Salt; ammonia; ozone; but beyond all of these a melange of smells he had no names for. Things decaying by unfamiliar biological pathways, sharp living perfumes, hot smells, red and black smells. He wished more than anything in the world to be synaesthetic right then, so he would have some extra way to process the information his senses were giving him. He had expected the alien air to be pungent, ghastly. Instead it was heady with odours his body could do nothing with. They smelled like something, like nothing. They were cocktails of molecules his nose had never needed to identify before.

He heard peeping like miniscule baby birds from around his feet. A flier flailed overhead, clacking angrily at him. Something keened shrilly from far off. The tortoises gurgled as they moved, as though their innards were churning wet rocks together. He had not known. The drones and remotes had never heard these songs, smelled these weird odours. The atmosphere was heavy, dense and humid and hot like the tropics, save when the wind gusted from seawards and the acrid salt reek enveloped him and cooled him and stung his eyes.

His breathing was speeding up; he felt the panic point of hyperventilation at his shoulder and forced himself to slow. There was less oxygen, but there should be enough, according to the numbers on the dead computers. A human from Earth could breathe unaided. Long exposure would result in a build-up of various chemicals the human body couldn’t process, but better than suffocating, eh? And he could detox later when he got back to the . . . back to the . . . Well, there was nowhere to get back to, was there?

He fought his lungs again, as they grasped for more sustenance than the Nodan atmosphere had to offer. His muscles were aching, too, working with that just-too-strong gravity. But he lived. He breathed in alien air, the same air that all these myriad little monsters depended on for their own incompatible metabolisms.
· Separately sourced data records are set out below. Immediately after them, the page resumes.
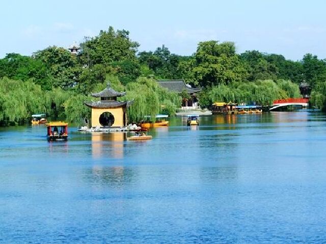 江苏的美景之一,青山绿水,四周被河水包围,山因为水的环抱而显得倍加生机勃勃,小金山是扬州廋西湖二十四景之一,为瘦西湖中一小岛,原名长春岭,建于清代中叶,当时扬州豪绅为了打通瘦西湖至大明寺的水上通道,在瘦西湖之西北开挖了莲花埂新河,挖河的土堆成了一座小山,这就是今天的小金山。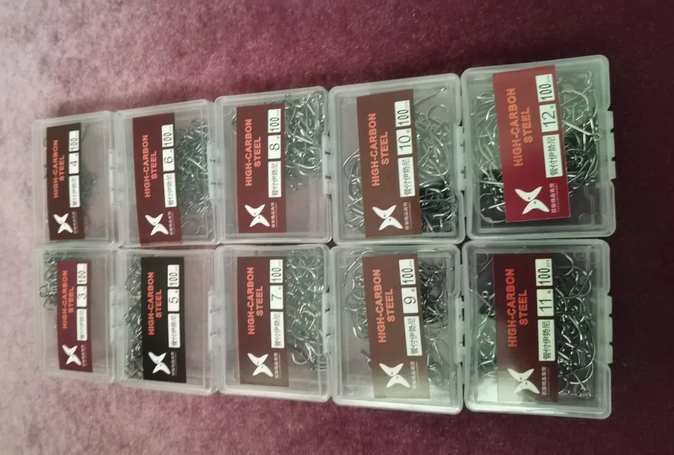Крючки рыболовные из высокоуглеродистой стали, 3 #-12 #, 10 размеров, заточенные, 10 коробок, держатель для крючков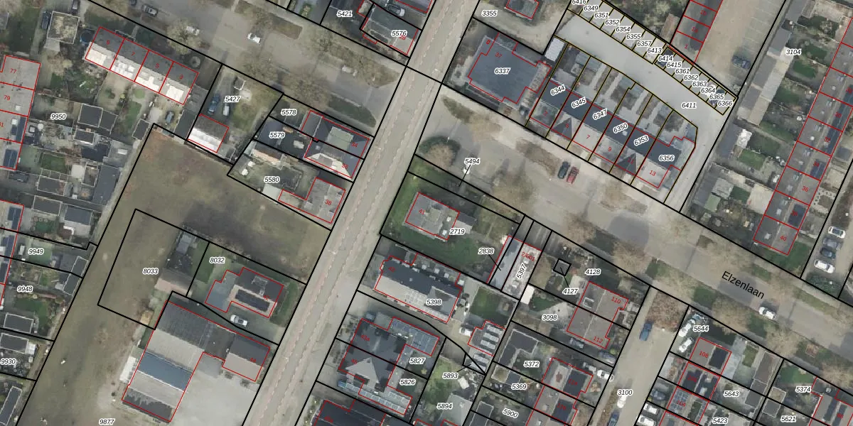 Gebruik de zoekbalk of klik op een perceel voor informatie over de adressen binnen dit perceel.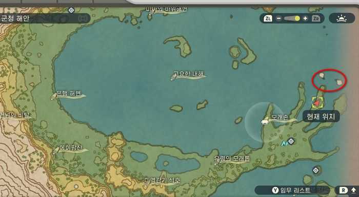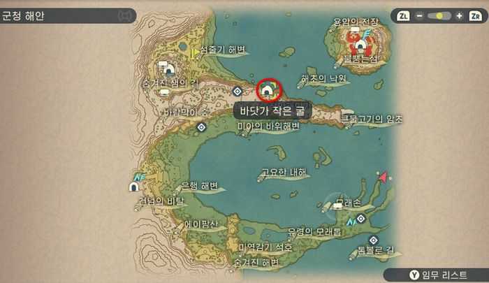 장침바루, 브이젤, 타만타 3마리 포켓몬을 모두 소지한 채로, 군청해안의 베이스캠프 '해안 기지'로 이동합니다.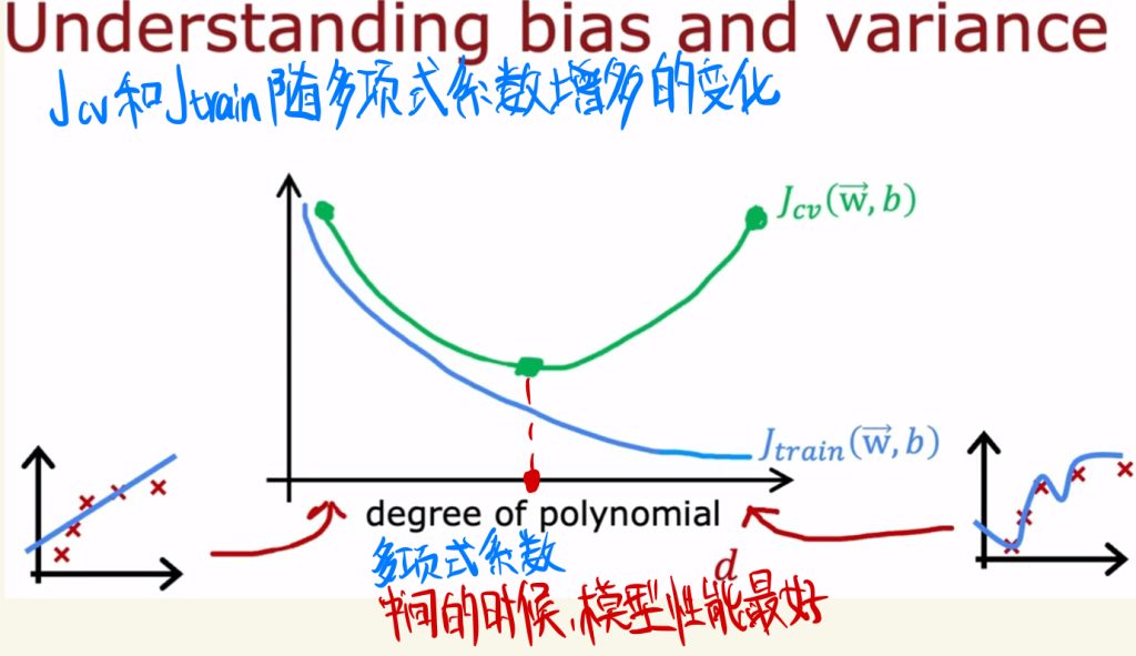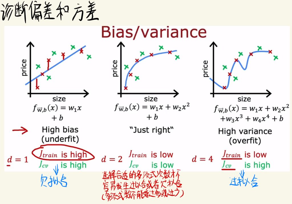 如下图,多项式次数d选择比较小时,之前所说的train中的J很高,cv的J也很高,这就是欠拟合。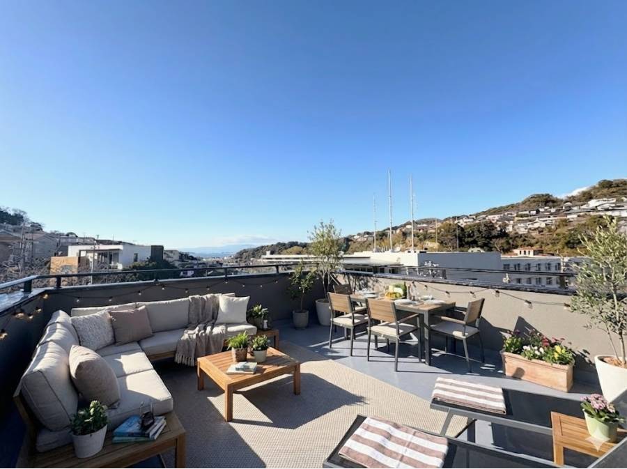 葉山堀内に新たに誕生した、新築邸宅のご案内です。この邸宅の魅力は、何といってもその眺望です。大型のルーフバルコニーからは、2方向に広がる海を贅沢に楽しむことができます。
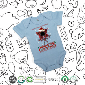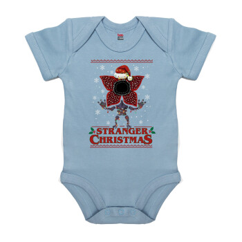 Stranger Things Christmas, Βρεφικό φορμάκι μωρού, 0-18 μηνών, Μπλε, 100% Organic Cotton, κοντομάνικο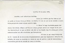 [Carta] 1979 junio 22, Sevilla [a] Querida y ay! silenciosa Matilde [manuscrito] Hugo E[milio Pedemonte].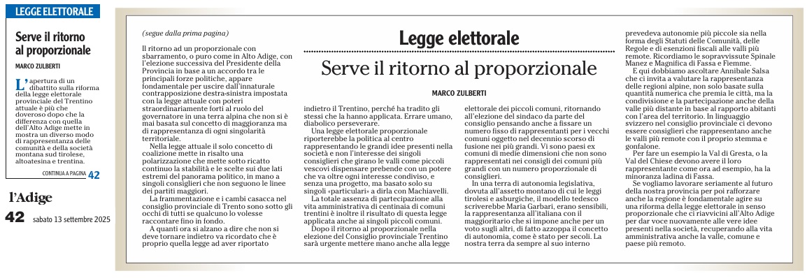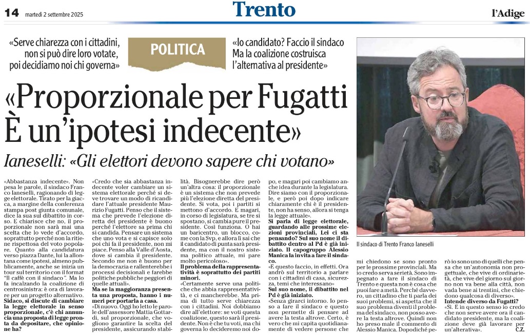 Proporzionale per Fugatti é un ipotesi indecente  |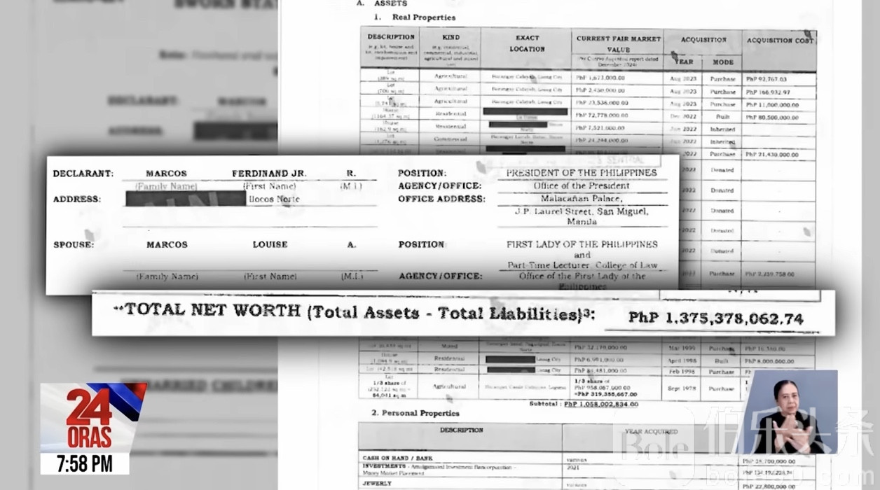 伯乐头条专讯:菲律宾副总统萨拉(Sara Duterte)最新财产申报显示,截至2024年12月31日,其个人及家庭净资产已升至约8,851万披索,自2022年6月上任副总统以来,资产增加约1,745万披索。根据GMA Integrated News获取的财产、负债及净值申报(SALN)文件,副总统与丈夫马纳塞斯·卡尔皮奥(Manases Carpio)及子女共有房地产价值约6,680万披索,包括住宅及土地;个人财产如车辆及其他物品则约3,165万披索。

He turned back to the others, or to the porthole behind which he must trust they still were. It was hard even to make a thumbs up signal in the suit but he did it. They must have been able to see his grin. He was going to die, but he’d done it now. He was Nod’s first citizen castaway. He felt a crazy streak of hilarity rush through him, and then panic because what if that was the atmosphere getting to him? Yusuf Baltiel was not a man given to sudden attacks of irrational joy! And yet he owned it, claimed it as his own. He had found the aliens; he had saved them from the depredations of his own mission, and now he would die amongst them, now or later or in a hundred years, a mad hermit at the end of the human universe, talking to the tortoises and the little peeping things that lived in the black sand.